(INFORMATION PROVIDED)

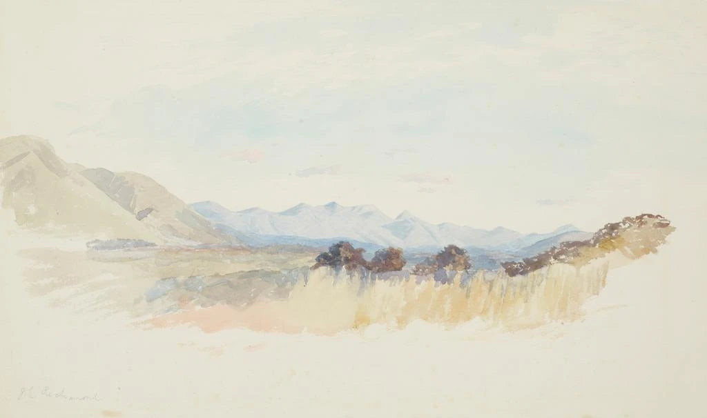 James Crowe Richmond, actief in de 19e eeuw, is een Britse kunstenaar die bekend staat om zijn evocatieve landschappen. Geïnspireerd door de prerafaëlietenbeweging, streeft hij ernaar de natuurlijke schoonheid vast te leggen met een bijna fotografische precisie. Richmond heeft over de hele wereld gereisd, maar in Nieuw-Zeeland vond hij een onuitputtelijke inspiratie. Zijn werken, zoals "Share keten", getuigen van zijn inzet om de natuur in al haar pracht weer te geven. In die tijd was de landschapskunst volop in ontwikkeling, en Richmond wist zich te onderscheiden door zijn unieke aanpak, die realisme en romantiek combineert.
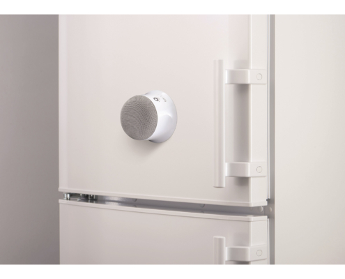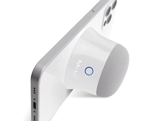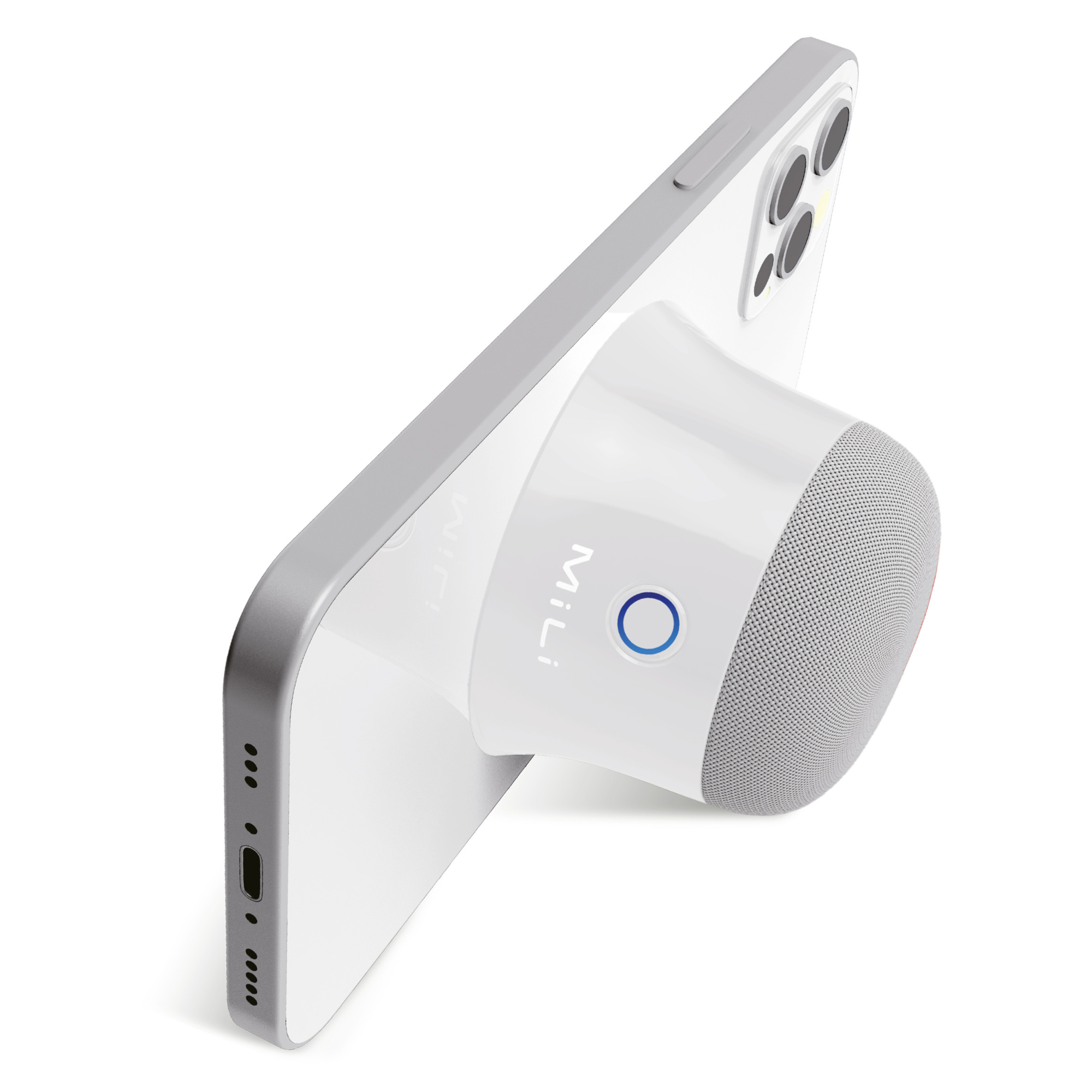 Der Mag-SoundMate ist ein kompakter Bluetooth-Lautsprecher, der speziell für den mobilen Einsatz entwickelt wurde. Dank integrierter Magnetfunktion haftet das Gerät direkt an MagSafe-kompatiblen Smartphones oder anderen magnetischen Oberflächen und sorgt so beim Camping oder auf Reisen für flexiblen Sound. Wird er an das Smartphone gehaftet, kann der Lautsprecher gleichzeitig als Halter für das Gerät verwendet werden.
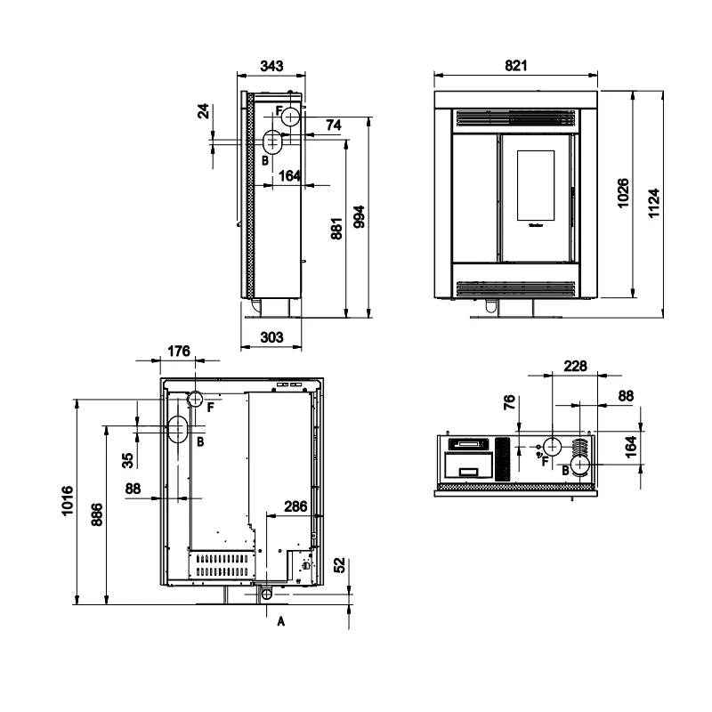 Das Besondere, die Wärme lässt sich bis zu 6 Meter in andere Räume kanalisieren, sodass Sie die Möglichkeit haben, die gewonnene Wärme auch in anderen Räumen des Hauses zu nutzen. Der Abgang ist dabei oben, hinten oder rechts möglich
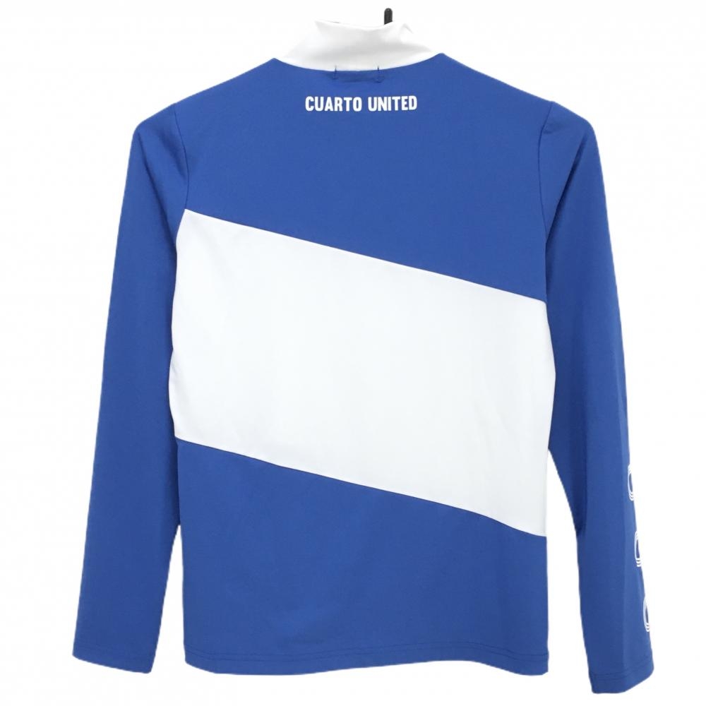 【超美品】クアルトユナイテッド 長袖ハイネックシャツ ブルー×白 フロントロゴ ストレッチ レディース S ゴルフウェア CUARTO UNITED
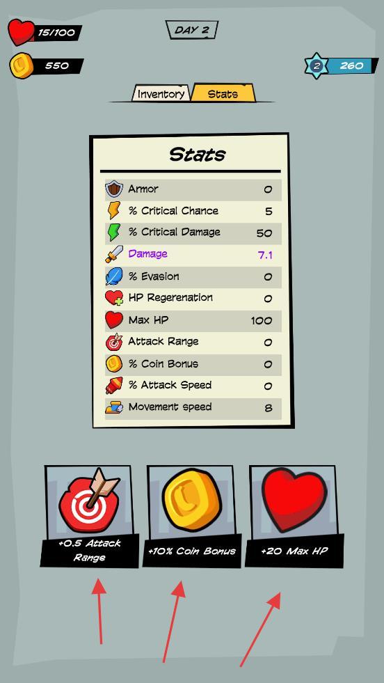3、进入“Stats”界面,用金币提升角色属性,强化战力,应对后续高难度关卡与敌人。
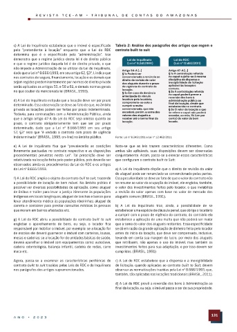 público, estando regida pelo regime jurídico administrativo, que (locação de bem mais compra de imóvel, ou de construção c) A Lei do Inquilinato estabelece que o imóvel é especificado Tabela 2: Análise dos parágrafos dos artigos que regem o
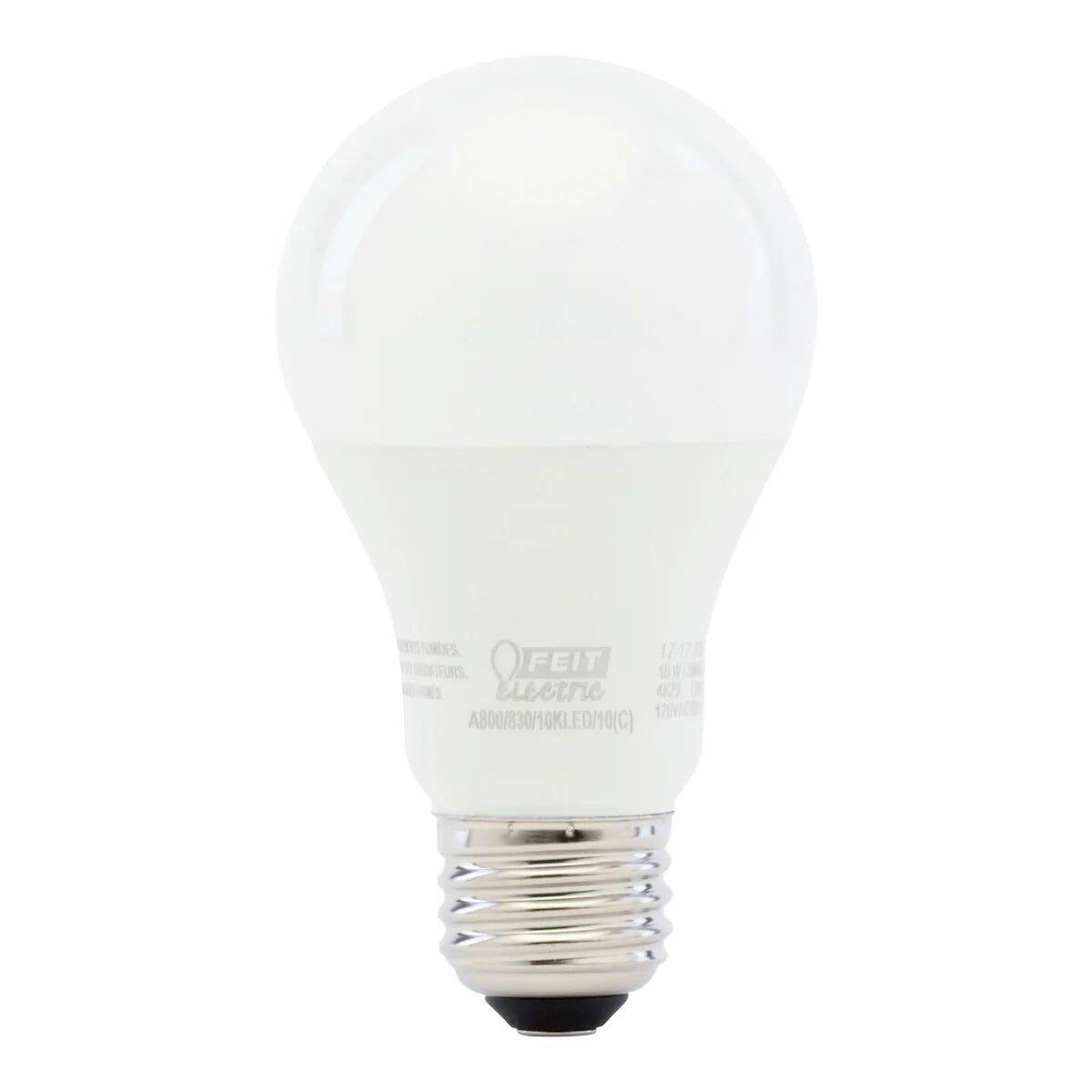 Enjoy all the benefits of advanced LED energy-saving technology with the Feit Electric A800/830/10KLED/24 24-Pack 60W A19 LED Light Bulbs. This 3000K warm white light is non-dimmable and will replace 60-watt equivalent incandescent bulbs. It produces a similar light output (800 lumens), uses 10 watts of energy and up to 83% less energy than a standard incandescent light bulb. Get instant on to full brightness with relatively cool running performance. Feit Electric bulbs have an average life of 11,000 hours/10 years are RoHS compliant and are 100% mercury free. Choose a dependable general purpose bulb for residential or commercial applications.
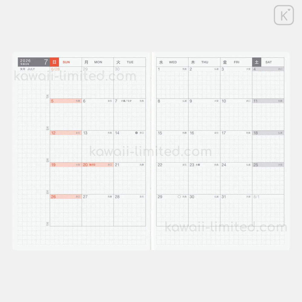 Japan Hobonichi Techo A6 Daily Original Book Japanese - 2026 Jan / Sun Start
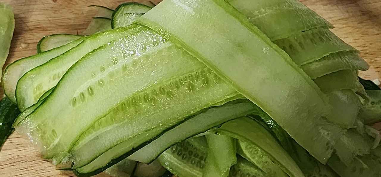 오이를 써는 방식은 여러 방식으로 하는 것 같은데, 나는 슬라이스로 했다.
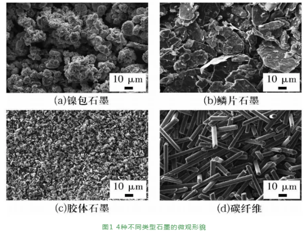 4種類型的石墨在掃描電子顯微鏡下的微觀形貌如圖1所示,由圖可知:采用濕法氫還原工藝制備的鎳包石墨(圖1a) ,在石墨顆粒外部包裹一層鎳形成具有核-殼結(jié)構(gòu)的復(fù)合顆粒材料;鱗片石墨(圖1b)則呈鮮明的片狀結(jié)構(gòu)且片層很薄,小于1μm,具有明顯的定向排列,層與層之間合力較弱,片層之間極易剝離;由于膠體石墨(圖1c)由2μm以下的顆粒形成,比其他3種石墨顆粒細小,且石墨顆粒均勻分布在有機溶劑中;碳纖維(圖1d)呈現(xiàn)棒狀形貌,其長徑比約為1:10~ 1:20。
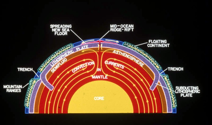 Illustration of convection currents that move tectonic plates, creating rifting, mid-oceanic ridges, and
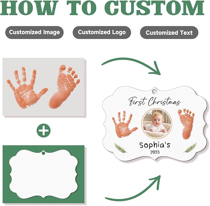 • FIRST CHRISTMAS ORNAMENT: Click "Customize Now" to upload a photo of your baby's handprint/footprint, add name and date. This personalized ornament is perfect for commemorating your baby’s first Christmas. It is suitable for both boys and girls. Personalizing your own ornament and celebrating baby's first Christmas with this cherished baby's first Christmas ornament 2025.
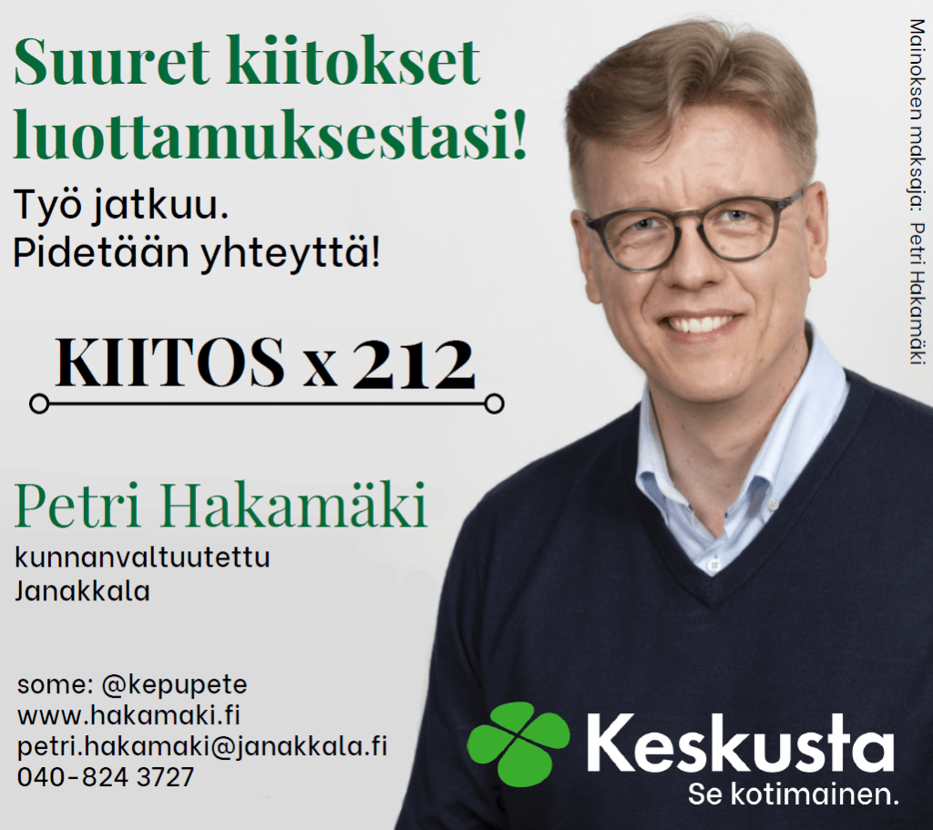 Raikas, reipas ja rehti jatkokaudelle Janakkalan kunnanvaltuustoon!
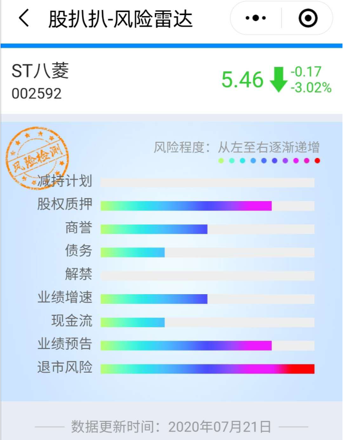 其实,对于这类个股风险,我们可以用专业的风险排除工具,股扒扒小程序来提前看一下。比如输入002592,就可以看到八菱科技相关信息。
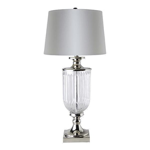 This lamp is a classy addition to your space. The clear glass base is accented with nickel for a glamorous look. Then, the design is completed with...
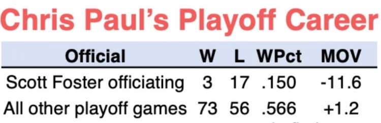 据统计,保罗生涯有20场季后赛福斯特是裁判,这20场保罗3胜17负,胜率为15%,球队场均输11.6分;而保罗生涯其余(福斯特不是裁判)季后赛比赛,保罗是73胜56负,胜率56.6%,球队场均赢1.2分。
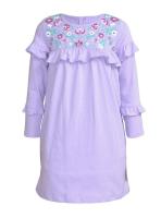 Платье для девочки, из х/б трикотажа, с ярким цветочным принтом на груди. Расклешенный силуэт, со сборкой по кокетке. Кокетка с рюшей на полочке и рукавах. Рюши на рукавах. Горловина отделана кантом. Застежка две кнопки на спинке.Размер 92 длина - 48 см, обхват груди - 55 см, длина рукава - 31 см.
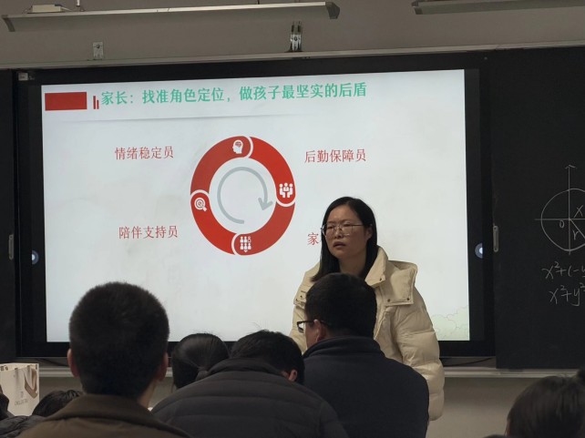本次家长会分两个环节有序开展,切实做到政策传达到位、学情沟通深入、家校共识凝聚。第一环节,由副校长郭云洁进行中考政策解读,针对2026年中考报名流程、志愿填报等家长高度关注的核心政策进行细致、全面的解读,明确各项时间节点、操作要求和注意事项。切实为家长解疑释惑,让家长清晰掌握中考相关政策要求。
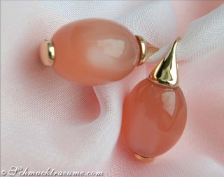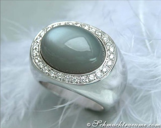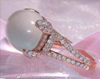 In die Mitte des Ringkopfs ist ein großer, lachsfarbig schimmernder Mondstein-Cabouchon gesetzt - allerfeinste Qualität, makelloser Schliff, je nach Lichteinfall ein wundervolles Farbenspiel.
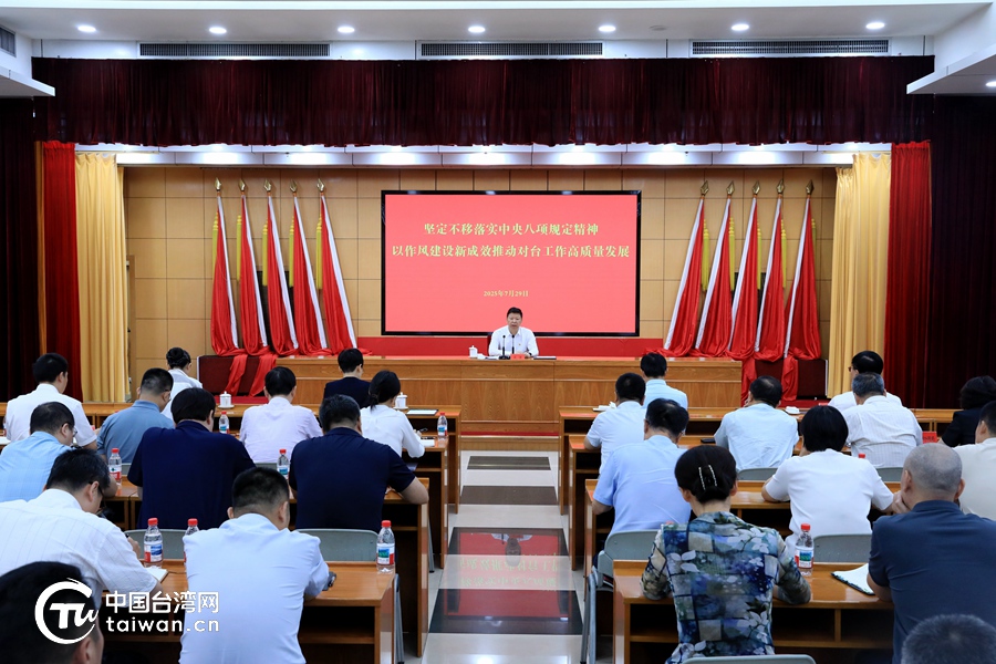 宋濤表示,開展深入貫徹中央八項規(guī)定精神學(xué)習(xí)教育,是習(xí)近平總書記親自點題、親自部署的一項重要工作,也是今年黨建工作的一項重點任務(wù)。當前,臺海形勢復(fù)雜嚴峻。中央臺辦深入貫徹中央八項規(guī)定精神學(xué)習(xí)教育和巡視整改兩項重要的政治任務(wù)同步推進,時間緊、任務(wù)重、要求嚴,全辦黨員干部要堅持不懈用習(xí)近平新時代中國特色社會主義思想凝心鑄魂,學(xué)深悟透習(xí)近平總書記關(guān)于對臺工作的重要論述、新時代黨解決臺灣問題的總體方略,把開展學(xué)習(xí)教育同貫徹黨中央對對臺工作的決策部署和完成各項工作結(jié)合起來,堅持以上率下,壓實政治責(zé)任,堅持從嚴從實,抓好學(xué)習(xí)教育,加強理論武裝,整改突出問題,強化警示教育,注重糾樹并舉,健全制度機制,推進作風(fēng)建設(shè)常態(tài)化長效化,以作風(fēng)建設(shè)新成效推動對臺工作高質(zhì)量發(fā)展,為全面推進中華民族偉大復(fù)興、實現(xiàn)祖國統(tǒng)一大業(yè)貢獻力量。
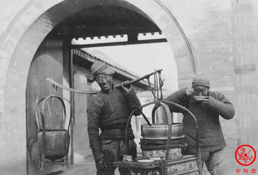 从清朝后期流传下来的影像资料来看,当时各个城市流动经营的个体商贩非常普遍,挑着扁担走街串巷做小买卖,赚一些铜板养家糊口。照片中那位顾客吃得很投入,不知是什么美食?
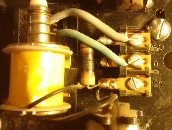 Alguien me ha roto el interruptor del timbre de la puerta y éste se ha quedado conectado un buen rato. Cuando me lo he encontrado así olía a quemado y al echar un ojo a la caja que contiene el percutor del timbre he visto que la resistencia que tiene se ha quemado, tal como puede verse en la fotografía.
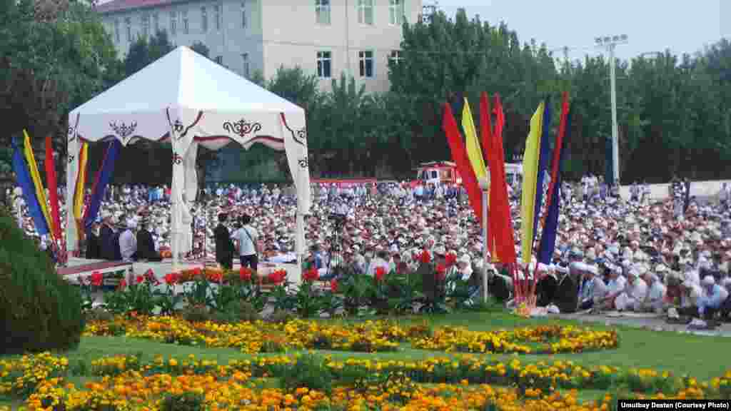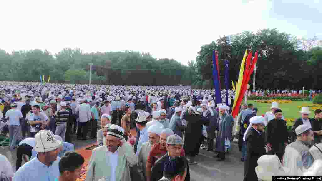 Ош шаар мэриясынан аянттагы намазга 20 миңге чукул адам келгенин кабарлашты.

(End INFORMATION PROVIDED)

**TASK PROMPT**
From the records above, copy only the lines running from the line containing "Christmas ornament 2025." to the line containing "本次家长会分两个环节有序开展", both ends included. Leave the pictures out.

**EXERCISE OUTPUT**
 • FIRST CHRISTMAS ORNAMENT: Click "Customize Now" to upload a photo of your baby's handprint/footprint, add name and date. This personalized ornament is perfect for commemorating your baby’s first Christmas. It is suitable for both boys and girls. Personalizing your own ornament and celebrating baby's first Christmas with this cherished baby's first Christmas ornament 2025.
 Raikas, reipas ja rehti jatkokaudelle Janakkalan kunnanvaltuustoon!
 其实,对于这类个股风险,我们可以用专业的风险排除工具,股扒扒小程序来提前看一下。比如输入002592,就可以看到八菱科技相关信息。
 This lamp is a classy addition to your space. The clear glass base is accented with nickel for a glamorous look. Then, the design is completed with...
 据统计,保罗生涯有20场季后赛福斯特是裁判,这20场保罗3胜17负,胜率为15%,球队场均输11.6分;而保罗生涯其余(福斯特不是裁判)季后赛比赛,保罗是73胜56负,胜率56.6%,球队场均赢1.2分。
 Платье для девочки, из х/б трикотажа, с ярким цветочным принтом на груди. Расклешенный силуэт, со сборкой по кокетке. Кокетка с рюшей на полочке и рукавах. Рюши на рукавах. Горловина отделана кантом. Застежка две кнопки на спинке.Размер 92 длина - 48 см, обхват груди - 55 см, длина рукава - 31 см.
本次家长会分两个环节有序开展,切实做到政策传达到位、学情沟通深入、家校共识凝聚。第一环节,由副校长郭云洁进行中考政策解读,针对2026年中考报名流程、志愿填报等家长高度关注的核心政策进行细致、全面的解读,明确各项时间节点、操作要求和注意事项。切实为家长解疑释惑,让家长清晰掌握中考相关政策要求。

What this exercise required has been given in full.